Por lo tanto la vergüenza no es autónoma de otras estructuras culturales que, a su vez, se desarrollan en marcos económicos y políticos concretos. Quizá a ello también contribuya la hiperlegislación en determinadas materias y la tendencial discriminación entre pobres y ricos en el acceso a la justicia –como magistralmente ha explicado Faustino de Urquía esta semana-. ¿Cómo sentir vergüenza si basta con invocar la legalidad de algunos actos y la presunción de inocencia para liberarse de la conciencia? Me permitiré una parábola. Imaginemos que uno de estos sinvergüenzas se queda encerrado con un niño en un ascensor. El preboste viene de comprar una barra de pan y una botella de agua. El encierro se prolonga por días y, al abrirse las puertas, el niño está muerto. El adulto explica que él se comió el pan y bebió el agua, que eran el fruto de su ahorro y su esfuerzo. El fiscal le acusaría de omisión del deber de socorro, pero un hábil abogado invocaría la eximente de estado de necesidad y amenazaría a los que llamaran inmoral a su cliente, pues goza de presunción de inocencia ya que no se había establecido cuánto debió haber comido y bebido el niño para no morir, por lo que no había ninguna razón para que sintiera vergüenza… al fin y al cabo su cliente también lo pasó mal en el encierro y los padres del niño no debieron haber consentido que subiera sólo… ellos sí deberían avergonzarse. ¿Es esto excesivamente dramático?

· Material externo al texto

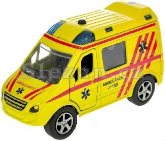 Realisticky vypadající model českého výjezdového žlutého vozidla ambulance z kovu a plastu, na baterie, se světlem a zvukem. Hračka česky mluvící (Uvolněte nám cestu, prosím. V případě zranění volejte číslo 155. Záchranná služba, už jedeme.)
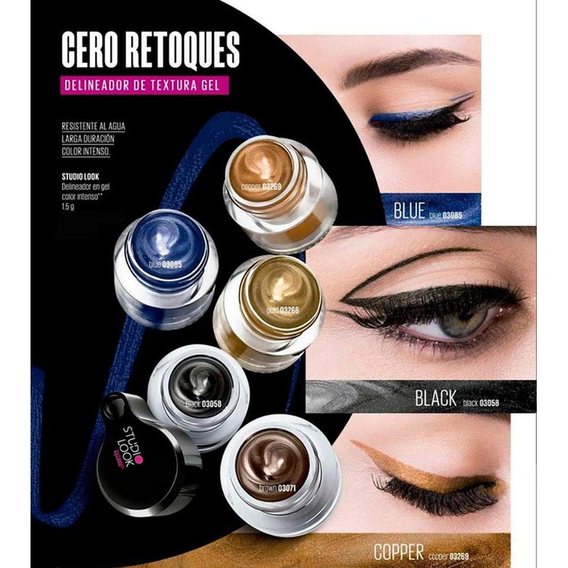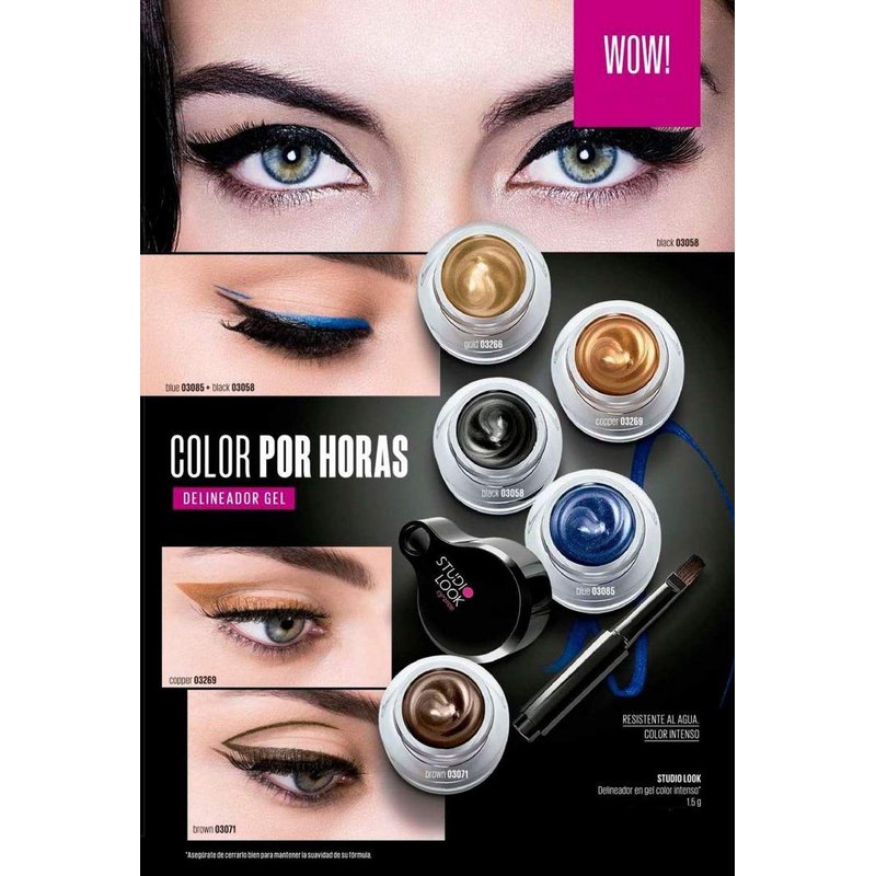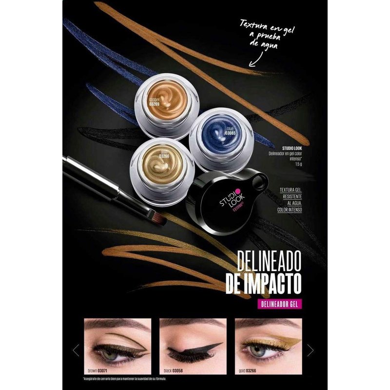 El delineador en gel de color intenso Studio Look bastará para impresionar con tu mirada. Y es que este delineador en gel es lo que buscábamos porque es de larga duración (hasta 13 horas según pruebas hechas en laboratorios Efisein). ¿Te imaginas salir de casa en la mañana y mantener el delineado cuando regresas en la noche? Como si nuestros deseos se hubieran hecho realidad. Otra cosa buenísima de este delineador en gel es que es resistente al agua. No es que vayamos a llorar por un chico ni nada, pero si vemos una película romántica y nos emocionamos de más, no hay problema porque nuestro maquillaje no se arruinará. Por otro lado, el delineador viene en cinco tonos con colores intensos y textura en gel. Lo que quiere decir que la aplicación será mucho más simple de lo que imaginas y puedes conseguir un resultado variado de acuerdo a los tonos que elijas para tu look. Cuando uses el delineador recuerda taparlo inmediatamente después, ya que puede secarse. Por otro lado, te recomendamos limpiar el aplicador con una toallita limpiadora o desmaquillador. De esta forma el aplicado quedará como nuevo después de cada uso.
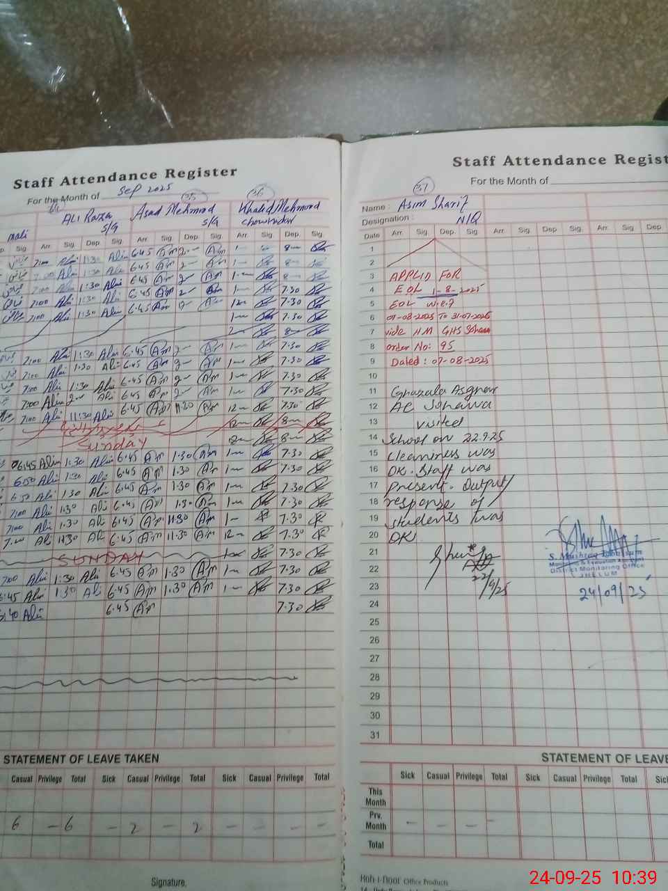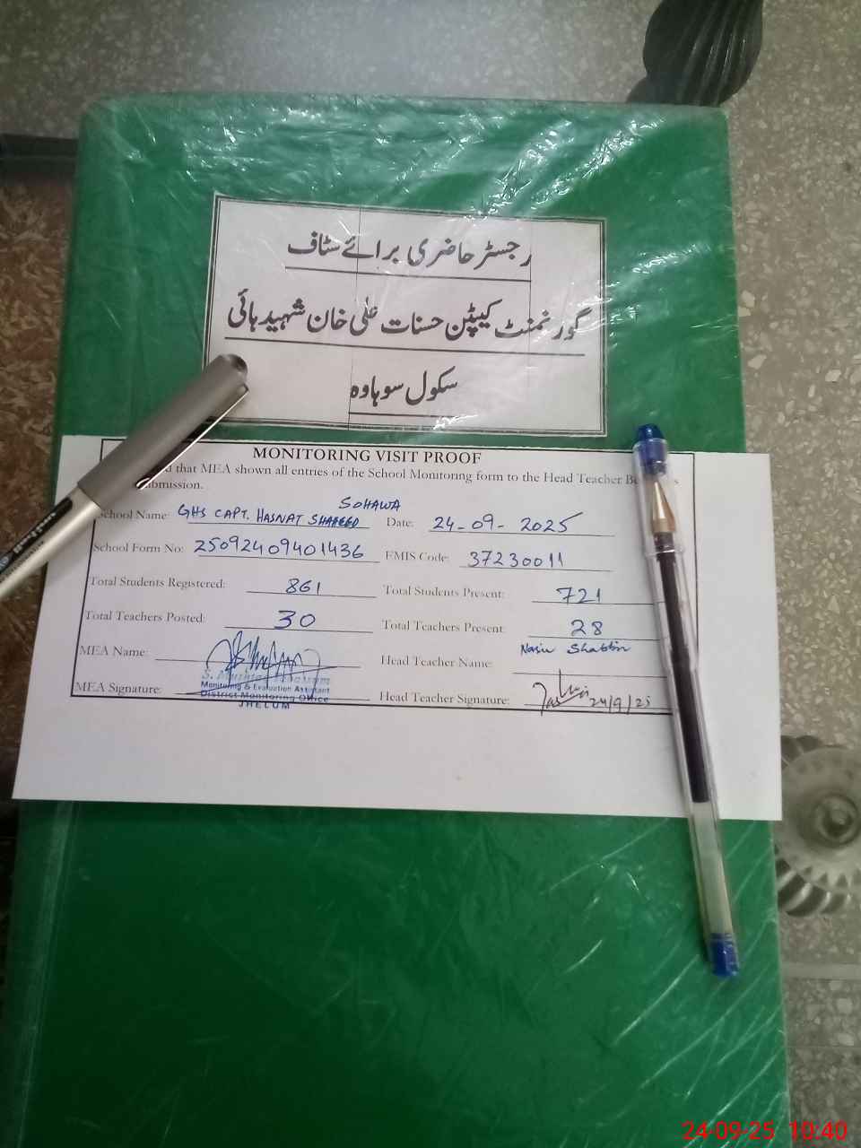 | Attendance Register | Head Teacher | MEA with School | Visit Proof |

Quizá. Pero aquí seguirán imperando los sinvergüenzas hasta que la mayoría no les recordemos que por sus comportamientos ya hay niños que pasan hambre. ¿Sentimental argumento? Sí: pero es que lo que nos debe distinguir de los sinvergüenzas es la libertad y el orgullo de tener sentimientos. Incluida la vergüenza ajena.

(El 15 de octubre los indignados volverán a la calle, con sus razones y sus sentimientos. Es una voz de esperanza. Ojalá que sus ecos lleguen a los despachos de la desfachatez).